Parallelizing Dense Symmetric Indefinite Solvers
P.E. Strazdins.
Parallelizing Dense Symmetric Indefinite Solvers,
PART'99, The 6th Annual Australasian Conference on
Parallel And Real-Time Systems, Springer-Verlag, Melbourne, Dec 1999,
pages 398-410.
Contents
Abstract
This paper describes the design, implementation and performance
of a parallel direct dense symmetric-indefinite solver. The primary
target architecture for the solver is the Fujitsu AP3000, a distributed
memory machine based on the UltraSPARC processor.
The solver uses the Bunch-Kaufman diagonal pivoting method and is
based on the LAPACK algorithm, with several modifications required for
efficient parallel implementation. The solver out-performs its equivalent
LAPACK routine zsysv() by 13% when run on a 300 MHz UltraSPARC
processor for a complex matrix of order 1601 and a single right hand size,
with a speed of 436 (double precision) MFLOPs.
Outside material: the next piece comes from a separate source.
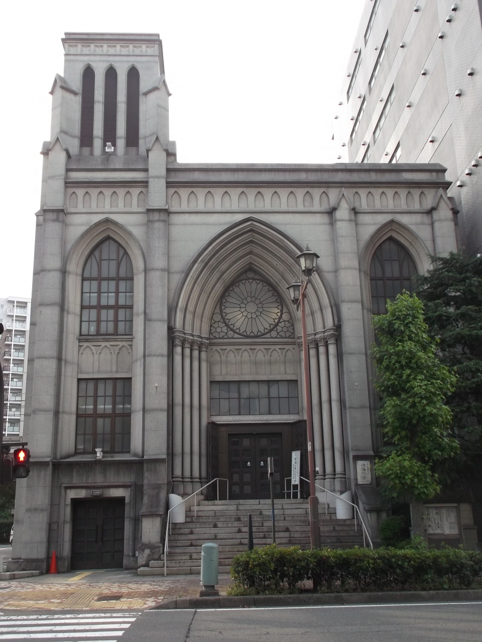 関内・桜木町間の国道16号線沿い、関内駅から4~5分のところにゴシック風の教会が現れます。根岸線車窓から見える教会、それです。
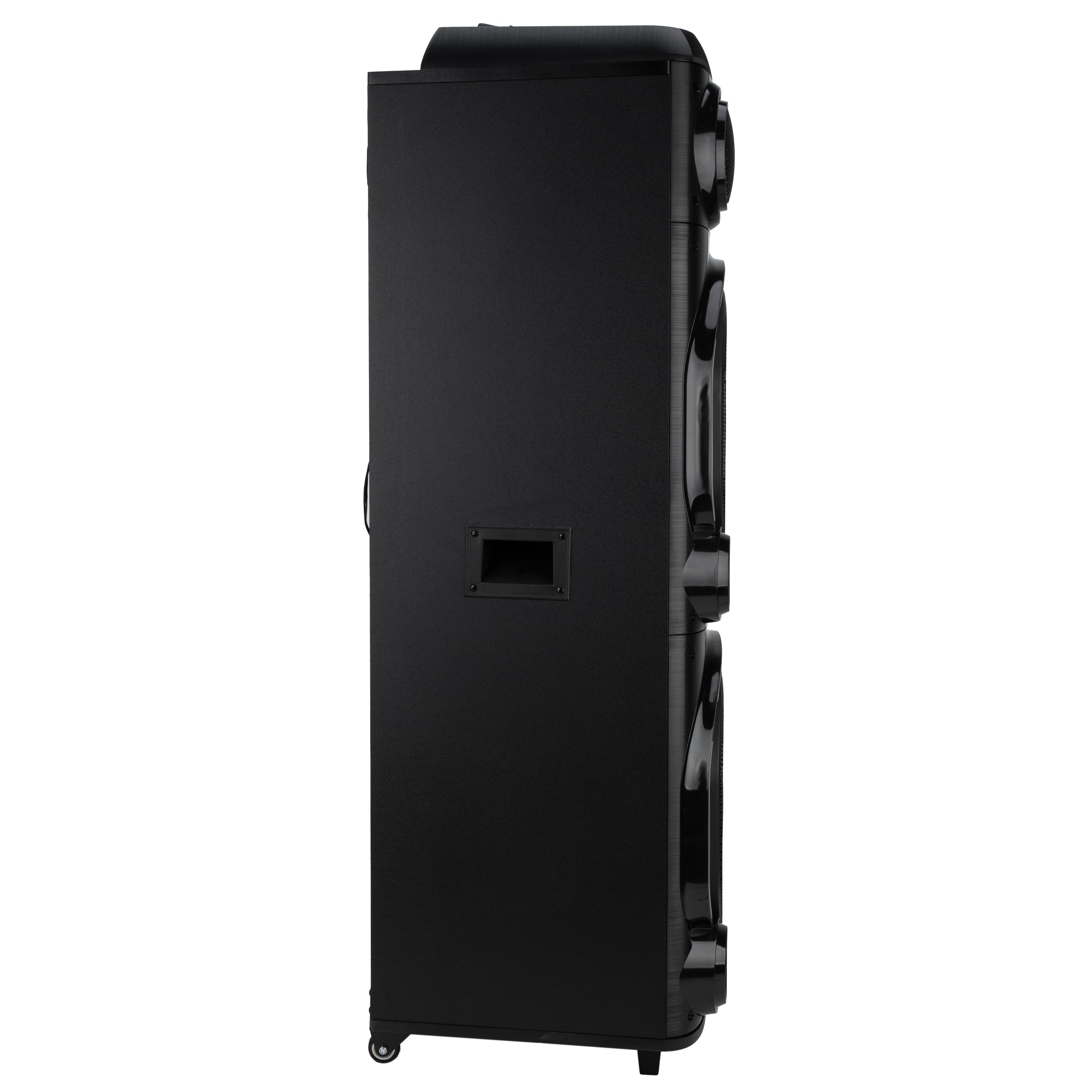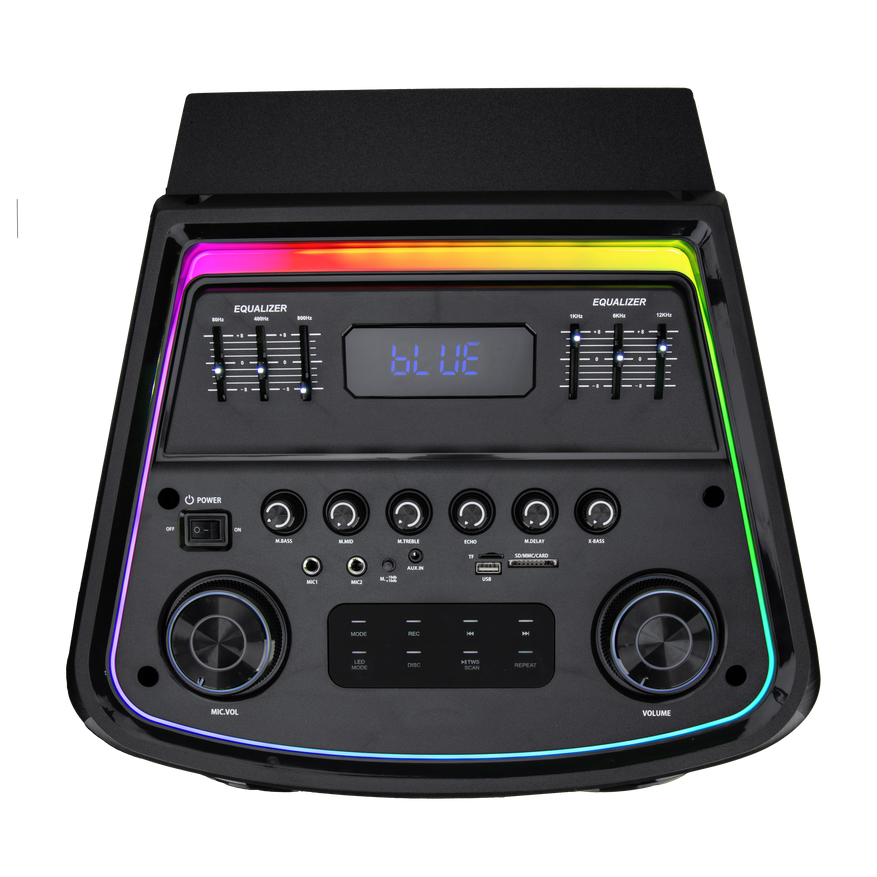 В передней части корпуса колонки за защитной металлической сеткой установлены два широкополосных динамика по 15 дюймов, высокочастотный драйвер, а также рядом установлены 4 фазоинвертора. Все громкоговорители колонки обрамлены динамической LED-подсветкой многорежимного действия.

Using run-time settable parameters, the routine can use any logical P x Q
processor grid, any (square) storage block size r and any algorithmic
block size w. This enables performance tuning via trading off load balance
and communication penalties, the latter being relatively higher than for
LU or LLT solvers. For a matrix of order 10000 on a 16-node AP3000,
best performance was achieved with P = Q = 4, w = 48; r = 4 with a
speed of 5.4 GFLOPs and a parallel speedup of 12.4
Keywords
dense linear algebra, block cyclic decomposition,
algorithmic blocking, storage blocking,
symmetric indefinite systems, LDLT decomposition